На галерее больнички была открыта дверь всего одной камеры, где содержался Мотвил и смиренно выполняющий роль сиделки вольный лепила. Когда Щавель переступил порог, обитатели хаты повели себя по-разному. Альберт Калужский подорвался со шконки и шагнул навстречу, обеспокоено вглядываясь в нового пациента, а слепой шаман съёжился и, по мере приближения Щавеля, отодвигался по стеночке всё дальше, пока не сел на подушку, будто старый лучник толкал перед собой невидимый пузырь, выдавливающий чародея упругим боком.
– Что случилось? – встревожился целитель.
И прежде, чем Воля Петрович нашёл слова для объяснения, губы Щавеля разомкнулись и незнакомый голос, от которого кровь стыла в жилах, выкатил, как валуны, слова:
– Проклятый цирик отравил меня чумой.
* * *
Днём в казарме было не шумно. Те, кто не заступил в наряд на конюшню и в городское патрулирование, занимались по свободному распорядку, то есть приводили в порядок амуницию, спали, чифирили в углу. Жёлудь лежал на нарах и читал добытую на станции метро «Трубная» книгу «Новые приключения Маркса и Энгельса», водя пальцем по строчкам. Получалось только по слогам, лишь изредка проскальзывало гладко. «Я осилю, я научусь», – Жёлудь пыхтел и ажно взопрел от трудов умственных. Примером ему служила младшая сестрица Ёлочка, большая охотница до всякого чтива и особливо любовных романов, которой молодой лучник теперь изо всех сил старался подражать. Почему-то в нём крепла уверенность, что в походе ему пригодится умение читать и читать бегло.
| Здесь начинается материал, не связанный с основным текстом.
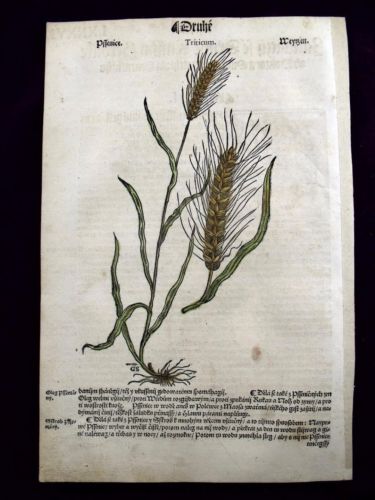 1562 Gio LIBERALE Matthioli - WHEAT - EXQUISITE FOLIO handcol WOODCUT - INITIAL
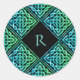 Um conjunto de autocolantes redondos de monograma preto com um nó celta azul-esverdeado com design repetido. Faça-o pessoalmente seu com suas próprias iniciais!

Впрочем, книга была интересной. Вместо имени автора красовалась надпись «Выпуск 13», а изложение от главы к главе менялось, будто сочиняли разные люди, но калейдоскоп событий играл такими яркими красками, что палец едва поспевал за глазами, стремящимися узнать, куда чехарда приключений скакнёт дальше. Международные авантюристы Маркс и Энгельс, которых связывала крепкая мужская дружба, жили на съёмной квартире в Москве. Жильё в Доме на набережной сдавала строгая бабушка Крупская, наделённая всеми положительными качествами взамен красоты. Ведущим в их прайде был Маркс, обладающий высоким лбом, могучим умом и о котором было известно, что «вся сила Карла в бороде». Басурманин Энгельс играл пассивную роль, но, являясь сыном богатого уральского промышленника, спонсировал все лихие затеи парочки, по обыкновению направленные на спасение мира, сохранение коммерческой тайны крупной фирмы или обеспечение семейного счастья барышни с ресепшена. В книге имелось три повести. Тайну уже спасли, девушку Леночку выдали замуж, а сейчас отвязные друзья должны были найти загадочный Грааль и доставить в город. Едва Жёлудь добрался до волнующего момента, когда Маркс провозгласил: «На поиски легендарной страны Пендостана поплывём на галёрах!», как его отвлёк бесцеремонный Михан.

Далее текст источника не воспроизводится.